[Items listed in a dataset]
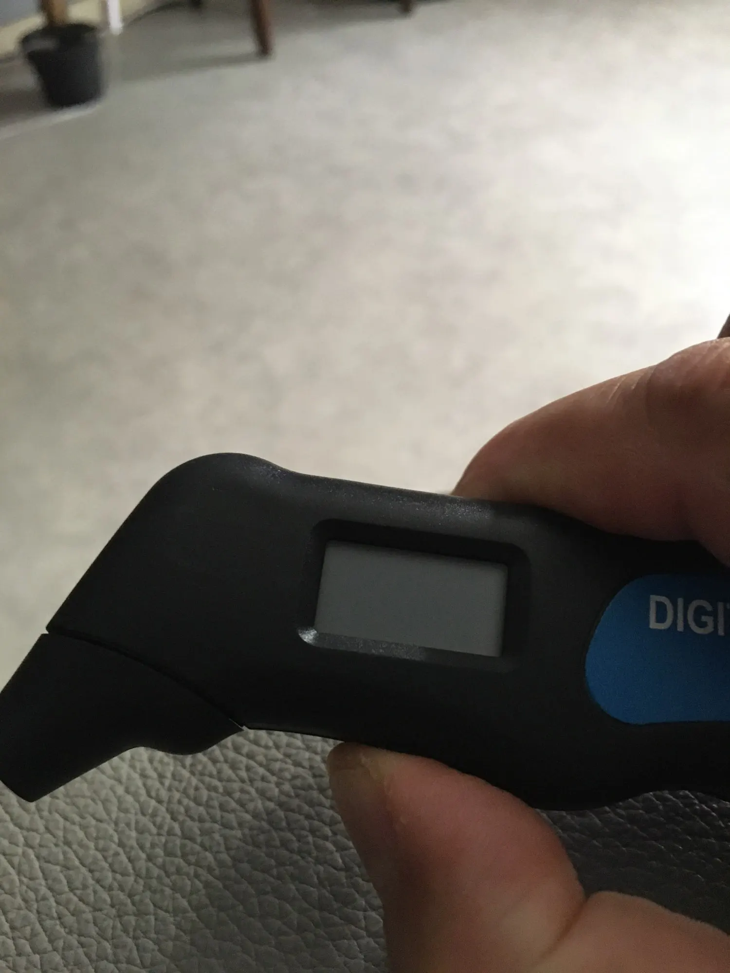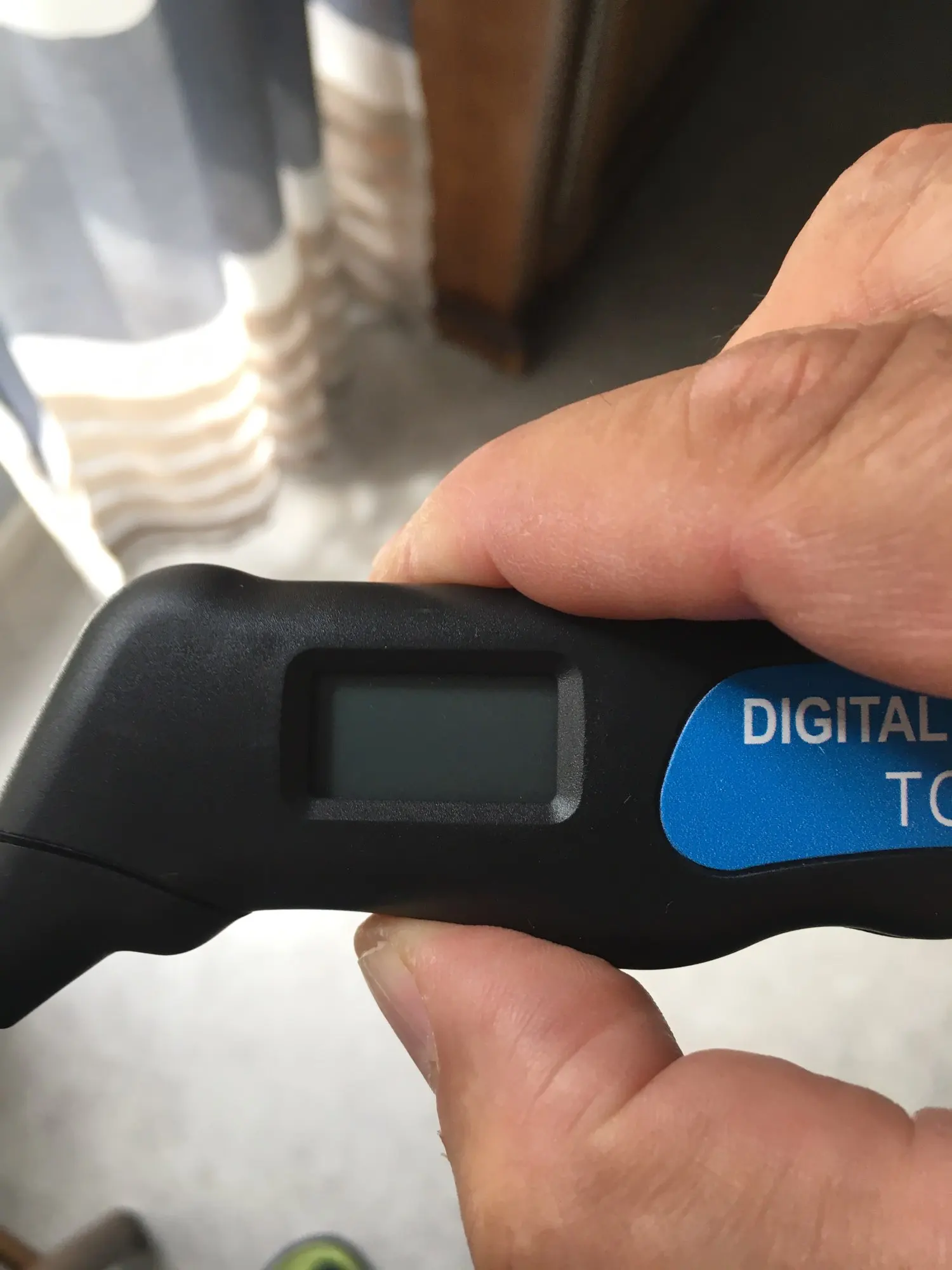 B. Выровняйте сопло манометра с клапаном шины и плотно нажмите на него, чтобы убедиться, что сопло и клапан находятся в хорошем контакте, и нет шипящей утечки воздуха. Через 3 секунды снимите Манометр с клапана и прочитайте точное давление в шинах, данные поддерживаются в течение 15 секунд. После того, как данные будут очищены, переместите манометр в другие шины, чтобы продолжить испытание.
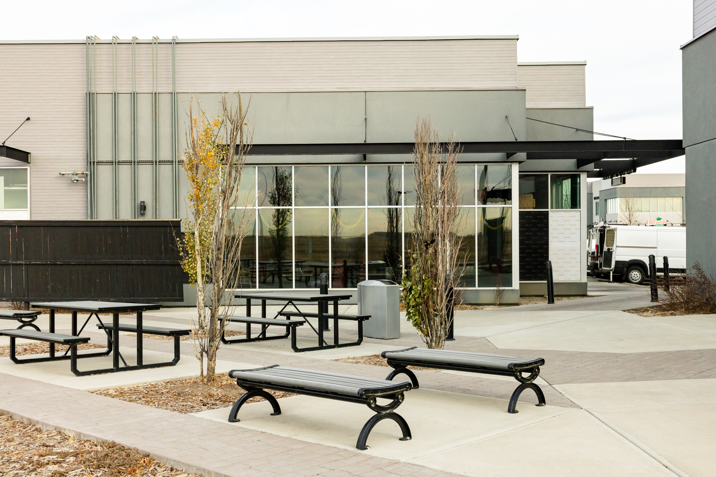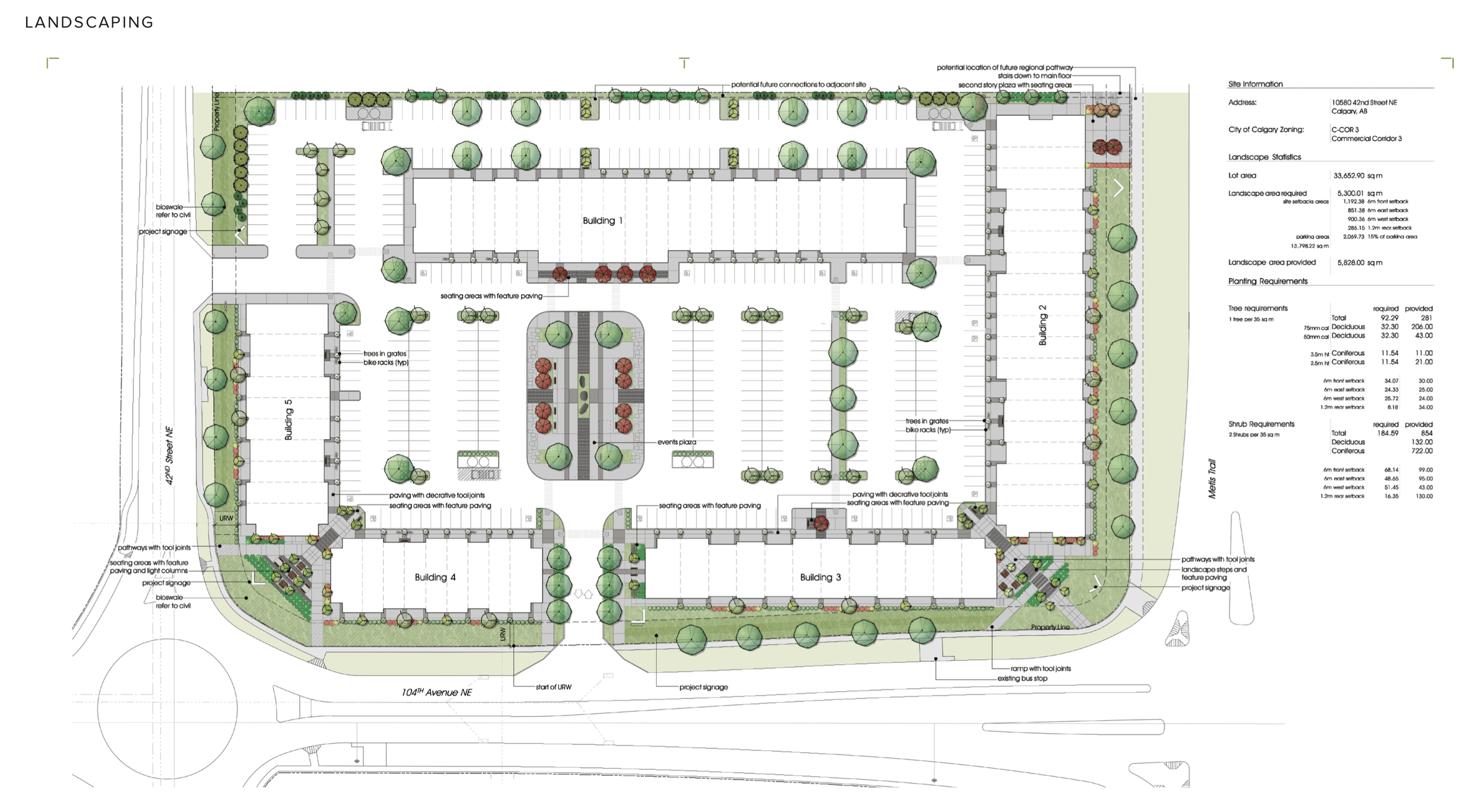 The project has been designed to provide a strong edge condition to the public streets, with emphasis on the corners due to public visibility.  Outdoor amenity spaces are located on each of the south corners and provide strong pedestrian connection to the adjacent public sidewalks and Regional Pathway located along Metis Trail.  These amenity spaces are animated by the adjacent buildings, and are connected to a strong pedestrian circulation network with in the development.  This network is further reinforced with additional gathering spaces as well as clearly articulated amenity elements for each building.
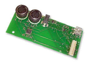 Two different waysmall interface boards now are available, the waysmall STUART and the waysmall HWUART. waysmall HWUART was used exclusively with the original non-Bluetooth version of the basix module and thus is not discussed further here. The waysmall STUART board essentially converts the connex and basix-Bluetooth modules into waysmall computers, hence the name of the board. These boards, which measure 3.19" x 1.38" x 0.5" (81mm x 35mm x 12.7mm, provide access to the two serial ports, the USB port and the power supply, all through the Hirose 60-pin header.
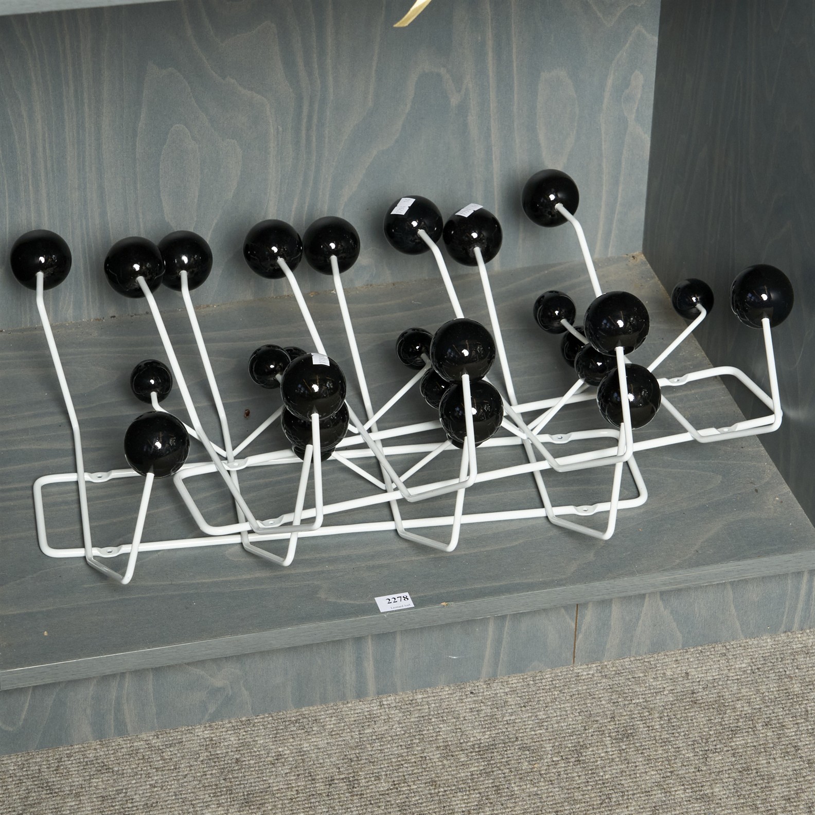 TWO SETS OF BLACK AND WHITE MID-CENTURY ATOMIC STYLE COAT HOOKS W.46CM
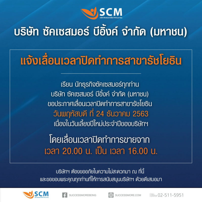 ประกาศ!! แจ้งเลื่อนเวลาปิดการให้บริการสาขารัชโยธิน เรียน นักธุรกิจซัคเซสมอร์ทุกท่าน บริษัท ซัคเซสมอร์ บีอิ้งค์ จำกัด (มหาชน) ขอประกาศเลื่อนเวลาปิดการให้บริการของสาขารัชโยธิน ในวันพฤหัสบดี ที่ 24 ธันวาคม 2563 เนื่องในวันเลี้ยงปีใหม่ของบริษัท ประจำปี 2563 โดยขอเลื่อนเวลาปิด ให้บริการเร็วขึ้นจากเดิม เวลา 20.00 น. เป็น เวลา 16.00 น. บริษัทฯ ต้องขออภัยในความไม่สะดวกมา ณ ที่นี้ และขอขอบพระคุณทุกท่านที่ให้การสนับสนุนบริษัทฯ ด้วยดีเสมอมา
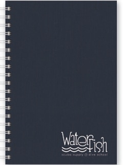 Rich, textured linen mounted to paperboard on front cover with black paperboard back cover. Includes 1-color foil or deboss imprint up to 16 square inches 100 sheets of lined, blank, graph or dot grid paper. Black wire binding is standard; also available in white, bronze and pewter. Made in the USA. Complies with FSC. 7″ W x 10″ H
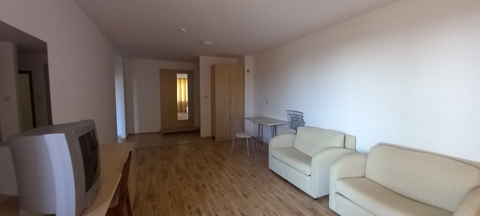Разпределение: Входно антре, дневна с трапезария и спалня, балкон и баня с тоалет.
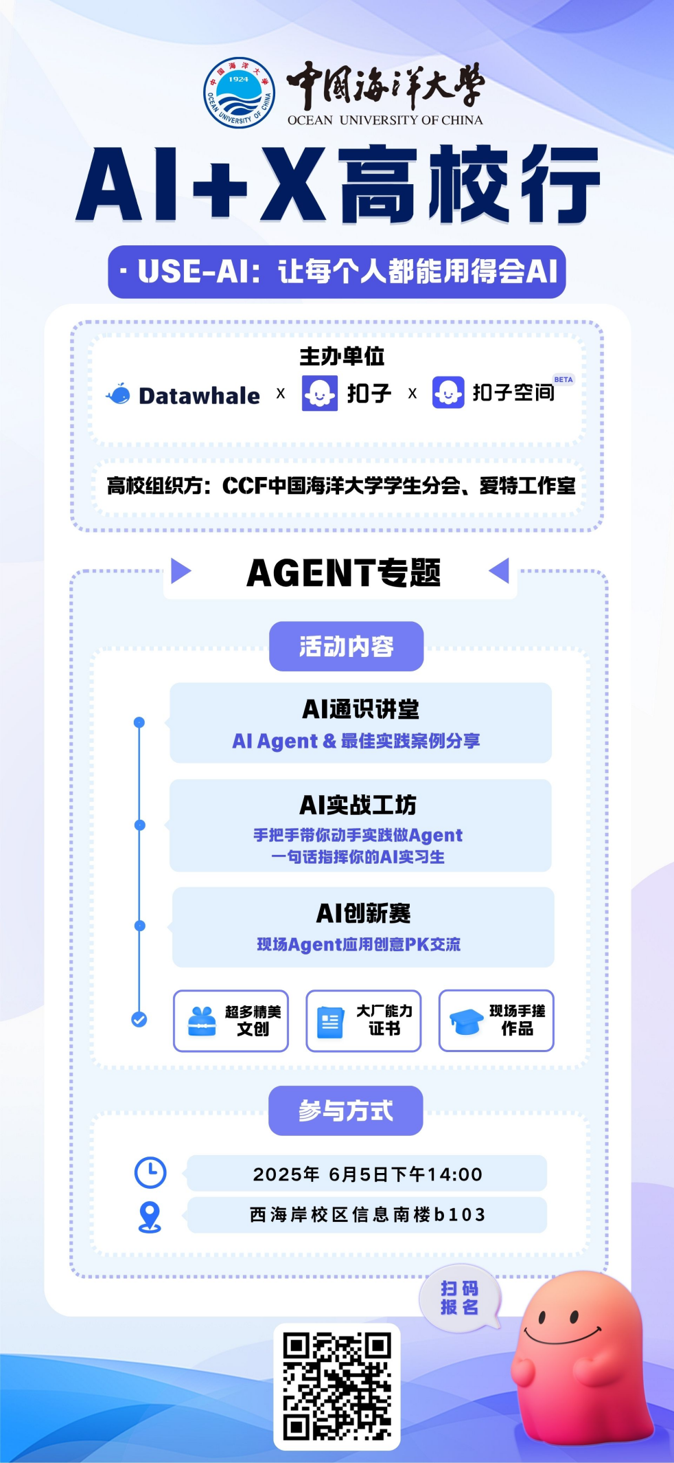 在人工智能飞速发展的今天,AI Agent正在成为推动行业变革的关键力量。为了助力同学们提升AI技术能力,紧跟前沿技术趋势,CCF中国海洋大学学生分会、爱特工作室携手Datawhale开源学习社区,将于2025年6月5日下午14:00在西海岸校区信息南楼b103启动“AI+X高校行Agent专题”活动。一场知识与实践的盛宴,一次创新思维的碰撞,一次探索AI无限可能的奇妙之旅,等你来赴约!

* **WHAT YOU HAVE TO DO**
Please restate word for word the lines above, starting with the line that holds "Разпределение: Входно антре, дневна" and ending with the final line of the records, while leaving out pictures.

* **SOLUTION BELOW**
Разпределение: Входно антре, дневна с трапезария и спалня, балкон и баня с тоалет.
 在人工智能飞速发展的今天,AI Agent正在成为推动行业变革的关键力量。为了助力同学们提升AI技术能力,紧跟前沿技术趋势,CCF中国海洋大学学生分会、爱特工作室携手Datawhale开源学习社区,将于2025年6月5日下午14:00在西海岸校区信息南楼b103启动“AI+X高校行Agent专题”活动。一场知识与实践的盛宴,一次创新思维的碰撞,一次探索AI无限可能的奇妙之旅,等你来赴约!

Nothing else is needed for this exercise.